Seems like NORP might be worth ruling out also. At this point I am starting to wonder if it is less about NLP labels we don't care about, and more about the few we DO care about. Interestingly, the first appearance of a topic that feels "trivial" in nature is "The Clue Crew" with 357 occurrences in questions.

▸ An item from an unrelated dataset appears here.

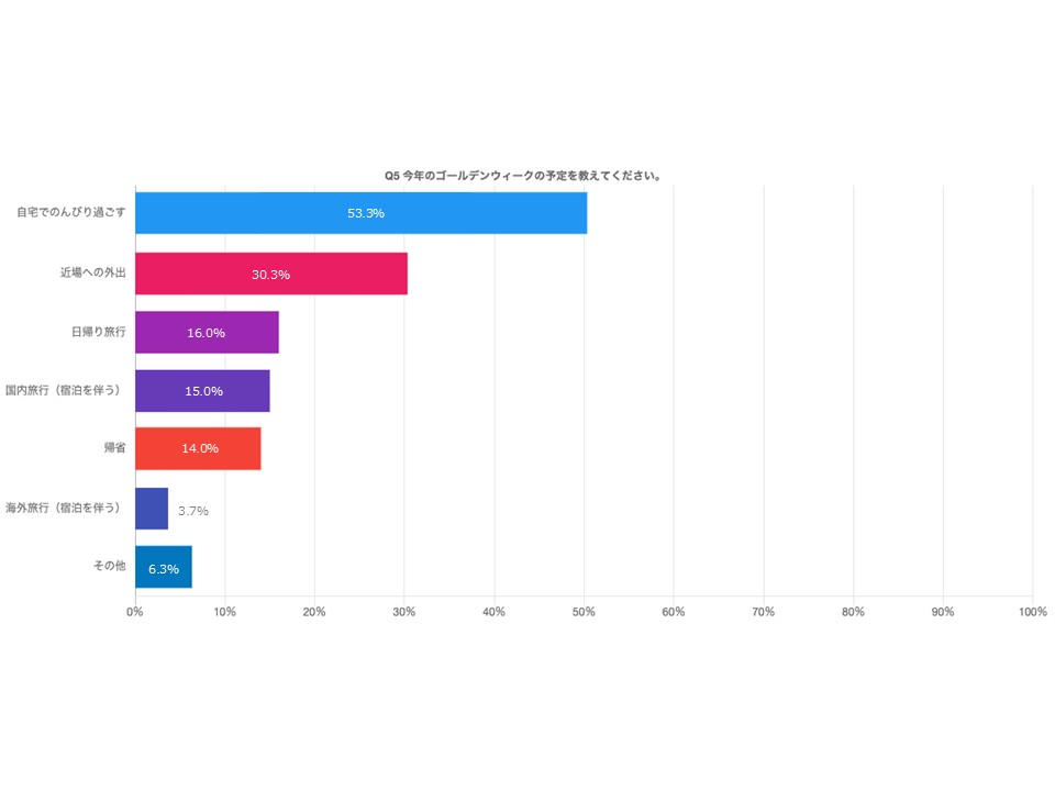 GWの予定として最も多かったのは「自宅でのんびり過ごす」(53.3%)でした。

Let's take a look at those results and see how it is labeled. "The Clue Crew", obviously the group from the Nancy Drew childrens book series, is labeld as an "ORG". Logically seems like if we care about organizations, we also care about people.

In [52]:
import mysql.connector

mydb = mysql.connector.connect(
  host="localhost",
  user="service",
  password="jeopardy!",
)

cursor = mydb.cursor()
cursor.execute(
    "SELECT named_entity.name, COUNT(*) FROM jeapordy_questions.question_named_entity " + 
    "LEFT JOIN jeapordy_questions.named_entity " +
    "ON jeapordy_questions.question_named_entity.named_entity = jeapordy_questions.named_entity.name " +
    "WHERE jeapordy_questions.named_entity.type = 'ORG' OR jeapordy_questions.named_entity.type = 'PERSON'" +
    "GROUP BY named_entity ORDER BY COUNT(*) DESC LIMIT 10;")

for r in cursor:
    print(str(r))

cursor.close()

('congress', 388)
('nyc', 359)
('the clue crew', 357)
('shakespeare', 287)
('jesus', 274)
('senate', 257)
('sarah', 232)
('house', 220)
('nba', 219)
('john', 210)


True

By merging our two queries together, paying attention to occurrences of entities by name as long as their label is either a person or an organization, we can quickly see that a student of the game (or any well-rounded individual I suppose) would benefit by reading up on the U.S. Congress, the city of new york, Nancy Drew, Shakespeare, and Jesus.